Even at 10ms interval, I still see only 149B transferred on the 239B flash read, albeit faster (done in slightly over 200ms instead of 500ms).
@levipope Curious if there could be such a timing/buffer overflow issue as I have described on the brain side and why it wouldn’t manifest itself when uploading from iPad…
It looks like the issue you are running into is a buffer overflow on the brain’s radio. The buffers are pretty small (150 bytes) and RobotC does a large read that overflows that buffer. Not sure why that was not happening before though. That buffer has been that size for some time now. The Modkit Ipad app uses smaller buffers to keep the radio from over flowing. I will dig into VEXos on the next revision and see if I can do some throttling of the data on the brain side to keep that from happening.

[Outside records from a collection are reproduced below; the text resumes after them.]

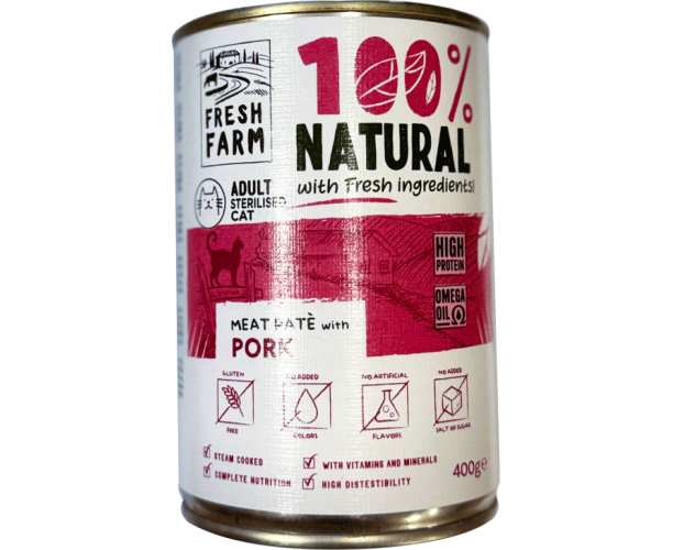 Prefera Fresh Farm CAT Smooth patee seapõhkel 400 gr - täisväärtuslik toit kassidele, pasteedi kujul konserveeritud kassidele, sealiha.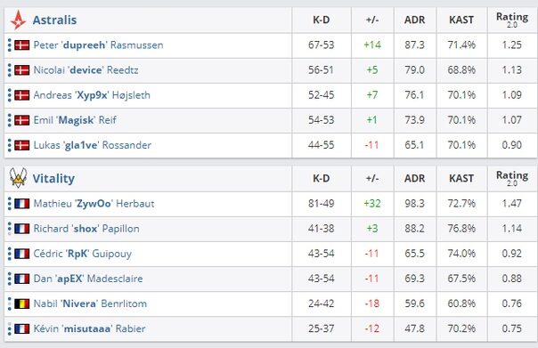 Astralis выиграла Vitality со счетом 2:1 и стала первым финалистом турнира BLAST Premier: Global Final 2020. Vitality опустилась в нижнюю сетку, где с победителем пары Liquid — NaVI разыграет вторую путевку в гранд-финале соревнований.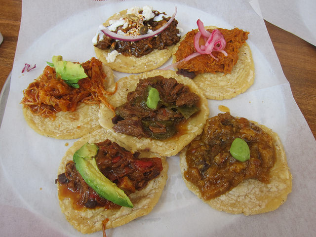 On this particular day, the sampler included steak picado, bisteca en salsa roja, tinga de pollo, (chicken) mole blanco, (pork) chicharron and cochinita pibil. So two beef, two chicken and two pork tacos. Doable, right?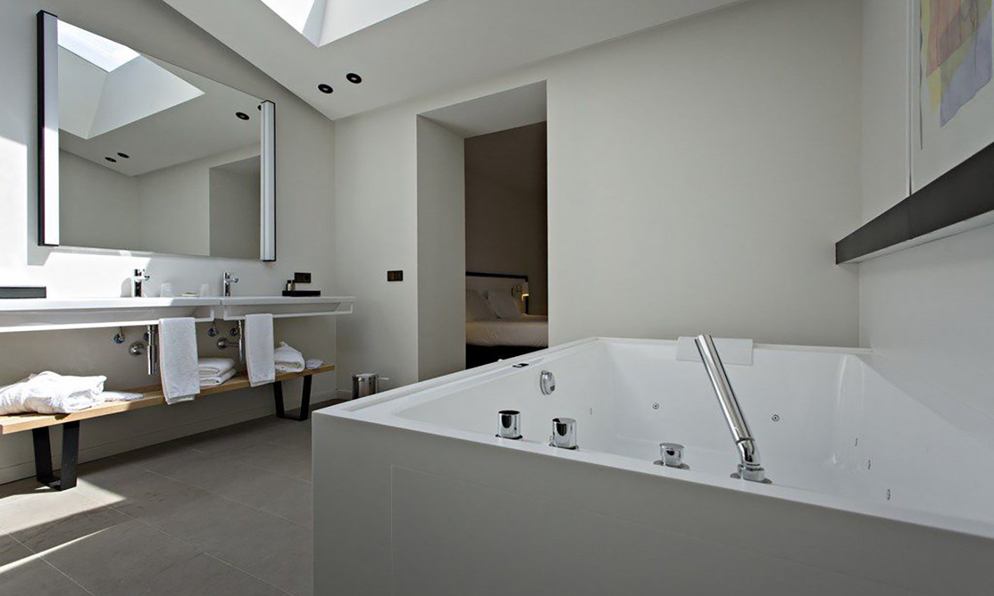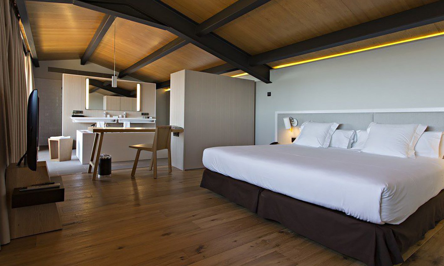 Rodeado de naturaleza, sus espaciosas y modernas habitaciones con jacuzzi cuentan con espectaculares vistas a la plana del Alt Empordà y al Mar Mediterráneo, todas con luz natural gracias a sus grandes ventanales.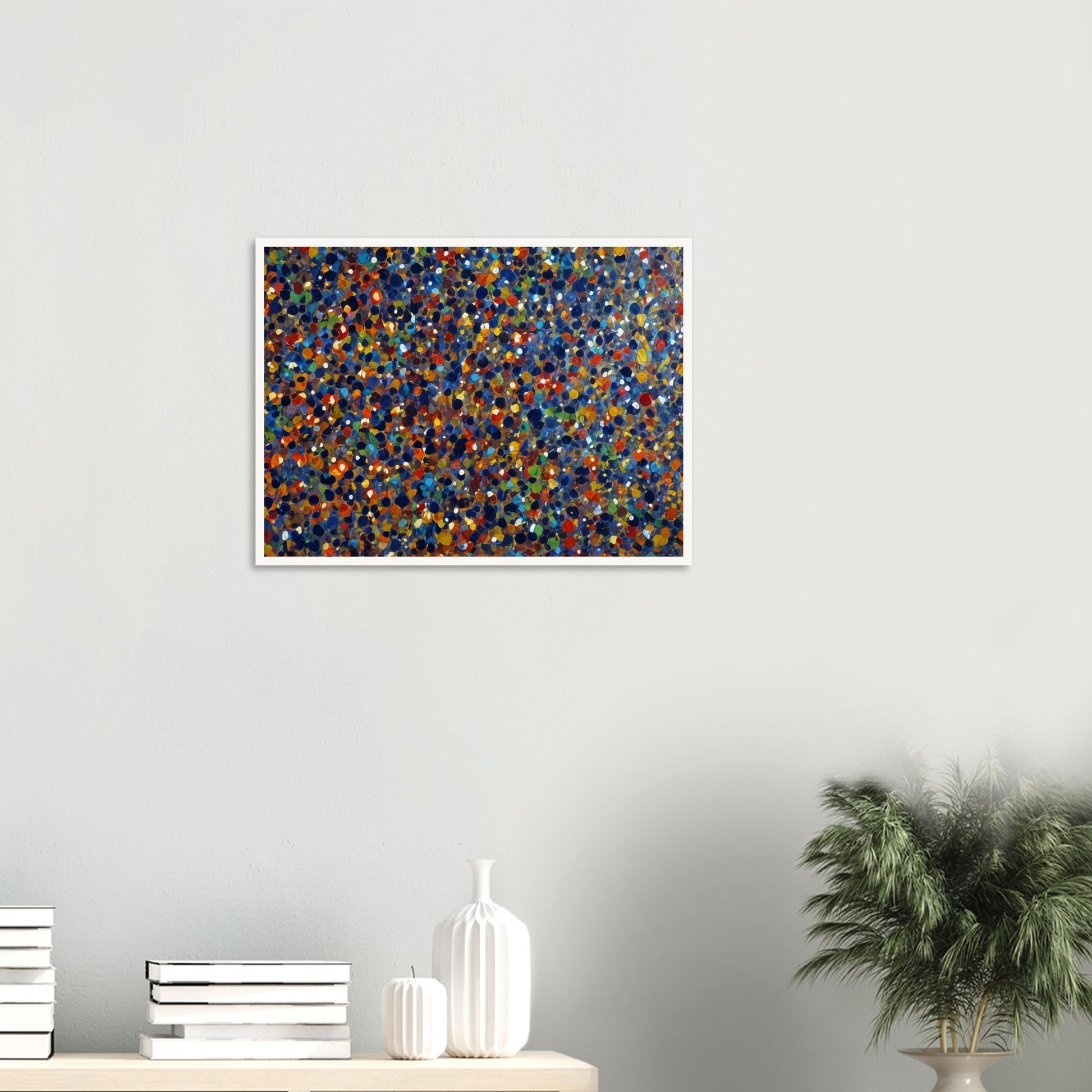Cosmic Confetti is an abstract wall art print that immerses viewers in a vibrant explosion of colors. With countless small dots and splashes in hues of blue, red, yellow, and green, this artwork offers a sense of joy and energy, like a galaxy full of colorful stars. The playful composition brings an energetic, celebratory feel to any space.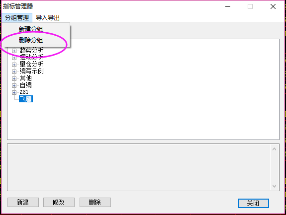 截图反映软件问题 (文华财经WH6赢顺V6.7)投资者咨询:截图反映软件问题 (文华财经WH6赢顺V6.7)来源:文华财经 日期:2018-9-15 16:57老师怎么自建的文件删布了。是什么原因。谢谢 文件名:screenshot20180915165612.png技术人员回复日期:2018-9-15 17:27 您那个飞鹰是一个组的,在分组管理里删除,如图:

Thanks for the answer that confirms my suspicion. So either the radio must have scheduled the transfers differently (in parallel to the incoming data?), or the RobotC didn’t use to do large reads on a program upload.
There is no issue on the large transfers in the opposite direction, I can easily perform RobotC firmware update through the BT link, but in that case, it’s the Brain’s radio that controls the transactions.